Status Ibu Kota Dicabut, Jakarta Disarankan Jadi Kota Bisnis dan Riset
JAKARTA | 24 Februari 2020 16:52 Reporter : Merdeka

Merdeka.com - Jakarta bersiap kehilangan status Ibu Kota Indonesia di tengah proses pemindahan ibu kota oleh pemerintah pusat. Dewan Riset Daerah (DRD) merekomendasikan label Jakarta menjadi kota bisnis dan riset skala internasional.

"Jakarta kalau tidak berstatus ibu kota (berubah), sebagai kota bisnis dan riset internasional," kata Eman Sulaeman, Sekretaris Komisi I DRD saat rapat bersama dengan Komisi B DPRD DKI, Senin (24/2).

1 dari 1 halaman

Kehilangan status ibu kota, menurut Eman, secara tidak langsung akan mempengaruhi pertumbuhan ekonomi. Untuk itu, Pemerintah Provinsi DKI diharuskan melakukan investasi di sektor teknologi dan keuangan. Sebab tidak dipungkiri, kata Eman, transaksi di Jakarta sebagian besar didominasi dengan teknologi.

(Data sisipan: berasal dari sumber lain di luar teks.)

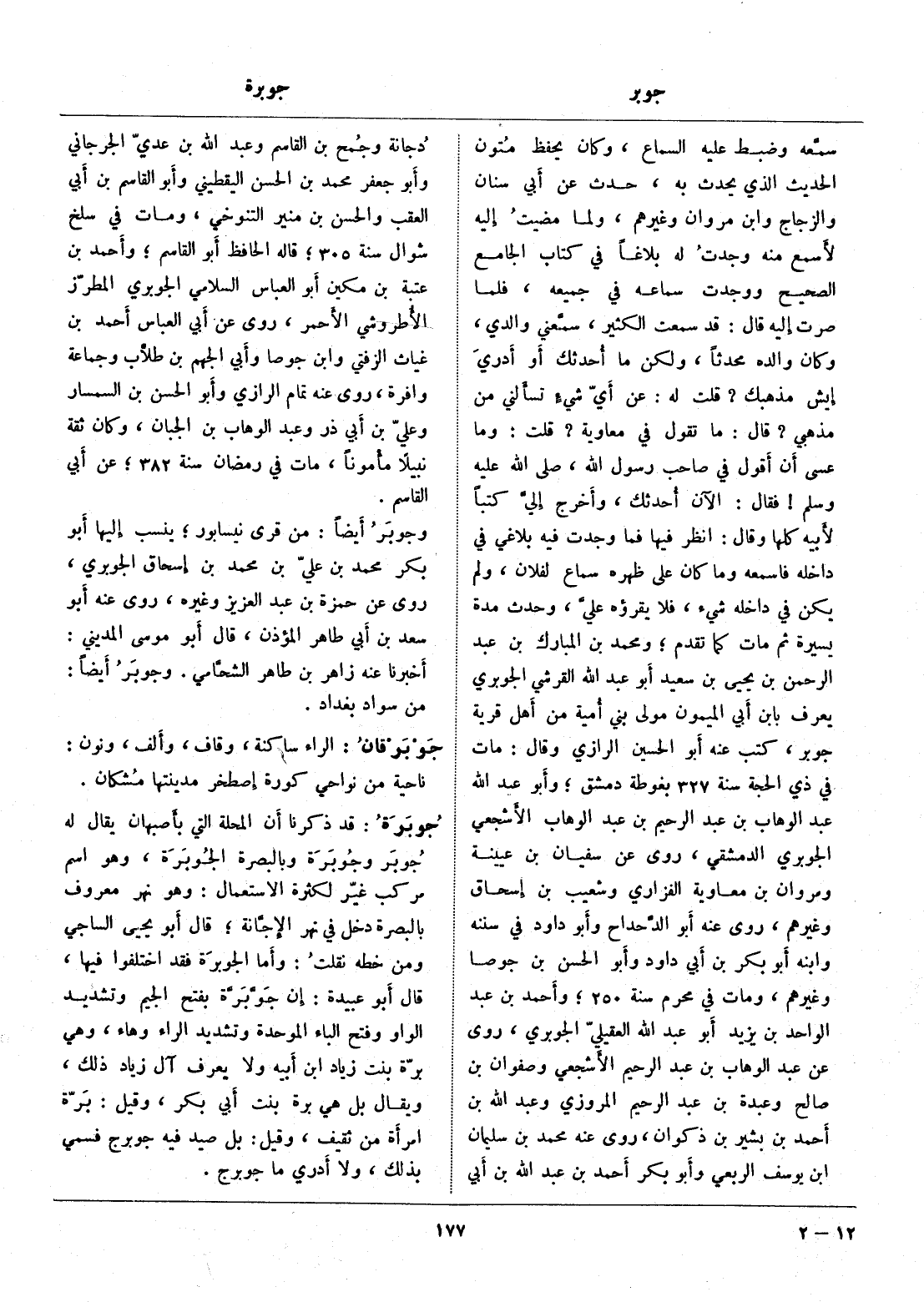 سمّعه وضبط عليه السماع، وكان يحفظ متون الحديث الذي يحدث به، حدث عن أبي سنان والزجاج وابن مروان وغيرهم، ولما مضيت إليه لأسمع منه وجدت له بلاغا في كتاب الجامع الصحيح ووجدت سماعه في جميعه، فلما صرت إليه قال: قد سمعت الكثير، سمّعني والدي، وكان والده محدثا، ولكن ما أحدثك أو أدري أيش مذهبك؟ قلت له: عن أيّ شيء تسألني من مذهبي؟ قال: ما تقول في معاوية؟ قلت: وما عسى أن أقول في صاحب رسول الله، صلى الله عليه وسلم! فقال: الآن أحدثك، وأخرج إليّ كتبا لأبيه كلها وقال: انظر فيها فما وجدت فيه بلاغي في داخله فاسمعه وما كان على ظهره سماع لفلان، ولم يكن في داخله شيء، فلا يقرؤه عليّ، وحدث مدة يسيرة ثم مات كما تقدم ومحمد بن المبارك بن عبد الرحمن بن يحيى بن سعيد أبو عبد الله القرشي الجوبري يعرف بابن أبي الميمون مولى بني أمية من أهل قرية جوبر، كتب عنه أبو الحسين الرازي وقال: مات في ذي الحجة سنة 327 بغوطة دمشق وأبو عبد الله عبد الوهاب بن عبد الرحيم بن عبد الوهاب الأشجعي الجوبري الدمشقي، روى عن سفيان بن عيينة ومروان بن معاوية الفزاري وشعيب بن إسحاق وغيرهم، روى عنه أبو الدّحداح وأبو داود في سننه وابنه أبو بكر بن أبي داود وأبو الحسن بن جوصا وغيرهم، ومات في محرم سنة 250 وأحمد بن عبد الواحد بن يزيد أبو عبد الله العقيليّ الجوبري، روى عن عبد الوهاب بن عبد الرحيم الأشجعي وصفوان بن صالح وعبدة بن عبد الرحيم المروزي وعبد الله بن أحمد بن بشير بن ذكوان، روى عنه محمد بن سليمان ابن يوسف الربعي وأبو بكر أحمد بن عبد الله بن أبي دجانة وجمح بن القاسم وعبد الله بن عديّ الجرجاني وأبو جعفر محمد بن الحسن اليقطيني وأبو القاسم بن أبي العقب والحسن بن منير التنوخي، ومات في سلخ شوال سنة 305 قاله الحافظ أبو القاسم وأحمد بن عتبة بن مكين أبو العباس السلامي الجوبري المطرّز الأطروشي الأحمر، روى عن أبي العباس أحمد بن غياث الزفتي وابن جوصا وأبي الجهم بن طلّاب وجماعة وافرة، روى عنه تمام الرازي وأبو الحسن بن السمسار وعليّ بن أبي ذر وعبد الوهاب بن الجبان، وكان ثقة نبيلا مأمونا، مات في رمضان سنة 382 عن أبي القاسم.

"DRD sarankan adanya belanja investasi teknologi dan keuangan," kata dia.

DRD juga memberikan rekomendasi bahwa Jakarta harus bisa menarik peluang investasi ekonomi dari segi pariwisata. Salah satunya menjadikan Kepulauan Seribu sebagai financial resort.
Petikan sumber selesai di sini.